# Four Paws "Natures Reptile" Vita-Spray



## el_phantasmo (Jan 30, 2008)

Just taken on a mates Leo that she didn't have time for (And was in herited from a previous owner who didn't look after it properly) and she brought all the bits round for it - now, the mat, tank etc I'm fine with, but I got given a spray which is something I've not seen before.

Lime green plastic spray doobrie thing;

"Four Paws Natures Reptile Vita-Spray - Creat a natural environment with vitamin enriched spray. Provides natures vitamins. Contains electrolytes. Prevents drying of the skin. Keeps reptiles healthier for a longer life"

Anyone heard of this stuff? In all the research I've done for my corn, royals, beardies and leos I've never heard anyone mention this stuff ....

Basically says it's a substitute for "natures vitamins" and gives them their D3. Directions are to spray from neck to tail once a day. 

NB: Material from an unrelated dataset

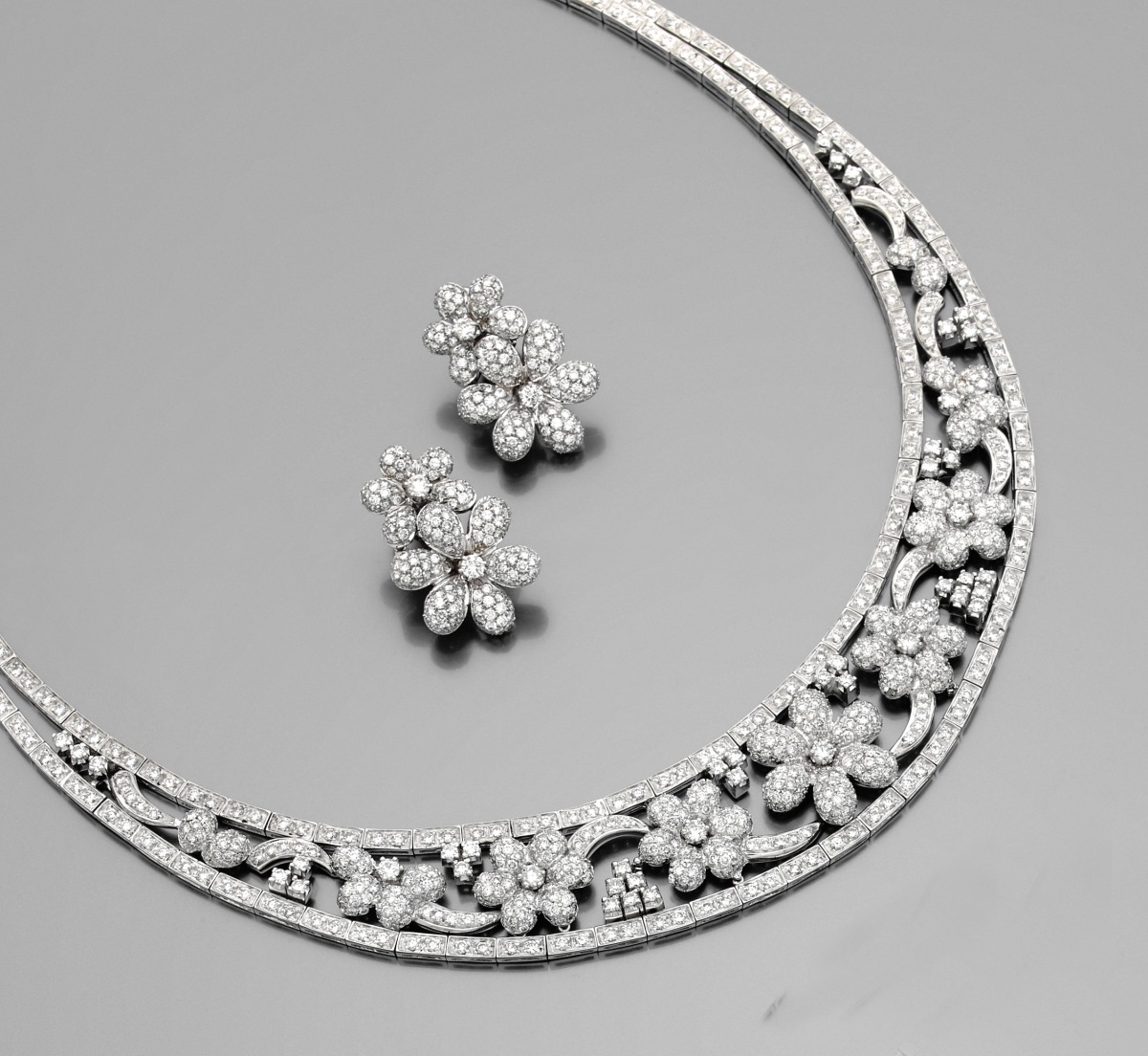 COLLIER articulé formant draperie et paire de boucles d'oreilles (système pour oreilles percées), en or gris 18K 750 millièmes à motifs de fleurs entièrement pavés de DIAMANTS ronds de taille brillant, ceux formant les pistils plus importants.

Sounds iffy to me. Don't like it. :whip:


----------



## LFBP-NEIL (Apr 23, 2005)

Its been around for years but has since been discontinued. Its basically a skin conditioner, It wont do any harm - but it wont do anything else either other than loosen dry skin.


----------



## el_phantasmo (Jan 30, 2008)

Might be of use then on his feet. 

Was hoping more people might have given a view! Was afraid it might be less than safe to use.

Cheers for replying!


----------